Stability and predictability in our tax regime and processes is a must. Retroactive changes in tax laws and applying them arbitrarily is a sure way of driving away foreign partners to other countries. All countries are involved in fighting black money, money laundering, and financing of terrorism.

But the Indian requirements on investors for providing information, KYC, etc should not be excessive in comparison to competitor countries in Asia. Otherwise we will lose out on investment. The burden of compliance should not be too much, especially for small and medium enterprises.

India’s taxation policy and processes have emphasised revenue generation over economic growth. The impact of tax measures on business confidence, growth prospects and foreign investors needs to be brought adequately into focus. A loss of revenue in the short term can be compensated by economic and business growth in the longer term.

A sensible tax regime and tax laws will greatly help boost economic growth and business confidence. Taxation must be regarded as an integral instrument of economic policy rather than a means for raising revenue and balancing the government budget.

DEALING WITH SUBSIDIES

Finally, subsidies must be rationalised and reduced to sustainable levels. The present subsidy burden of 2.5 per cent of GDP is the highest in 10 years and is growing, is unsustainable. Phasing out of subsidies can be done in a gradual manner, over a time span of 2-3 years, in order to alleviate shocks to stakeholders and the systems within which they operate.

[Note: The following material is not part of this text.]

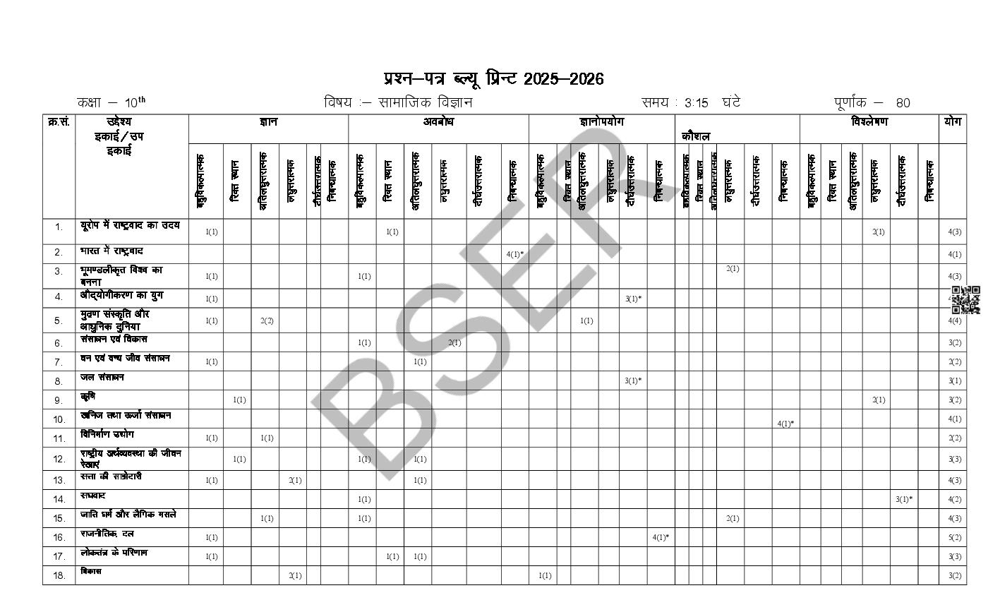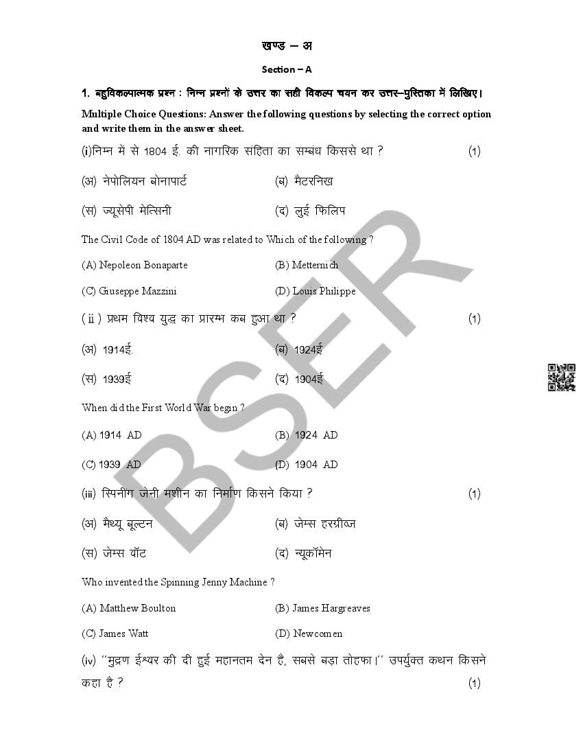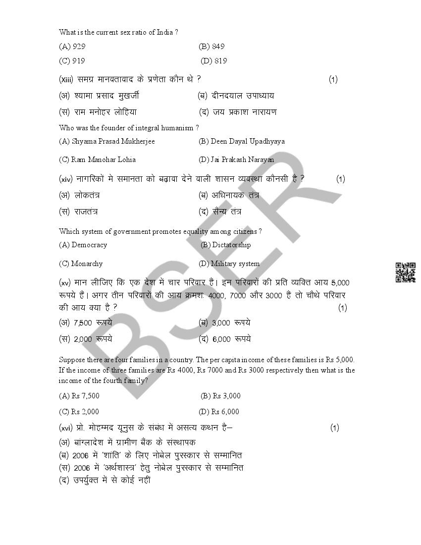 The Rajasthan Board model paper for class 10 Social Science is as follows.

This applies to diesel, kerosene, LPG, fertilisers, foodgrains. To deal with populist requirements and political necessities, BPL stakeholders who are affected most by subsidy reductions could be given cash grants or coupons redeemable at market outlets. This would remove the high costs and inefficiencies of the distribution system by making it more market-based, as well as enabling better monitoring and targeting of assistance to those most in need.

Sustainability needs to be built into our economic growth by providing incentives for activities such as organic farming, renewable energy, and energy efficiency. The key problem of meeting our burgeoning energy requirements needs urgent attention. Individual households should be encouraged to use renewable energy, and transfer surplus energy production to smart grids with built in incentives. The large losses in our transmission and distribution networks should be reduced to the minimum. Energy self-sufficiency remains the single most serious problem facing India in the long term.

If the government has indeed woken up from its coalition stupor and is serious about getting India’s economy running on all cylinders, economic reforms must be fast forwarded. Only this will enable citizens to benefit and yield electoral dividends.

(The author, a former Ambassador of India, has served on the Foreign Investment Promotion Board and Foreign Investment Implementation Authority.)